# My pet duck is limping, going to vet



## Minelson (Oct 16, 2007)

I read the other thread about the Pekin limping and will look for a sliver or something in his foot. I don't have any help here at home today so I am taking him in to the Vet where I work. This is not a duck vet but we can take radiographs and I can at least get it cleaned up and looked at properly. 
I'm wondering what is the best way to transport and should I bring the other duck along? They are always side by side and I have a feeling they will be quite upset if separated. 
Any ideas on what to look for besides a splinter? What if antibiotics are needed...can I give him a shot? Where and how do you do that on a duck?
I love these ducks and want to do what is best so I'm looking for guidance...these are my first ducks so I'm learning. :help:


----------



## fishhead (Jul 19, 2006)

How long has it been limping? What have you been doing since you noticed the limp?

My geese and ducks would limp at times and in most cases it resolved itself. In a couple of bad cases of limping I would confine the bird for a few days and it would resolve itself.
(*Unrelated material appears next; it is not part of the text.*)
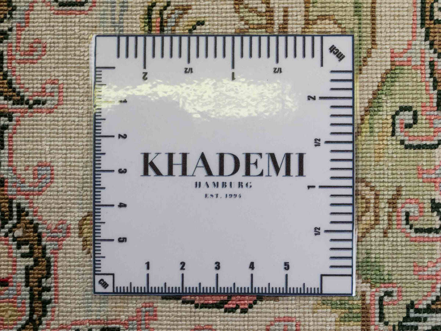 Bekannt durch die Seidenstraße blickt das Ursprungsland dieses aus chinesischer Meisterhand stammenden Unikats zurück auf eine überaus traditionsreiche Knüpfkultur. Neben seiner herausragenden Qualität und bemerkenswerten Anzahl an Knoten zeichnet sich dieses Exemplar durch sein zeitloses Ghom Design und seine Detailverliebtheit aus.

A cat carrier with thick straw for footing should work if you have one. Otherwise a cardboard box with holes in it and the top taped down tight with thick straw for footing will work.


----------



## Minelson (Oct 16, 2007)

I noticed a small limp 3 days ago and looked at it for any glaring problem. I didn't see anything but was unable to hold him and look very good at the same time. Last night when I got home I noticed Nancy was out and about by herself so I called Lynnie and he popped his head up from the tall grass and came hobbling out. It was much worse and the fact that he stayed in the pen and didn't go with Nancy to free range tells me he is in pain. I didn't let them out of their pen to free range this morning. That is all I have done so far.

I have a cat carrier...it's pretty small though. I have a bunch a big dog crates.


----------



## fishhead (Jul 19, 2006)

Small is okay as long as he can stretch out. It will be easier to carry and less likely to get tilted when handling.

Geese especially but ducks too seem to have a blind spot under their chin that causes them to trip a lot. I think that is what causes a lot of limping.


----------



## Minelson (Oct 16, 2007)

Yes...they do trip a lot! They are bigger ducks too...than what I'm used to anyway. Blue Runners.


----------



## Minelson (Oct 16, 2007)

Here is a picture of them...notice in the background their entrance to their house. Steps up but kinda rickety. So I put up a big doggie ramp right away to make it easier for them. 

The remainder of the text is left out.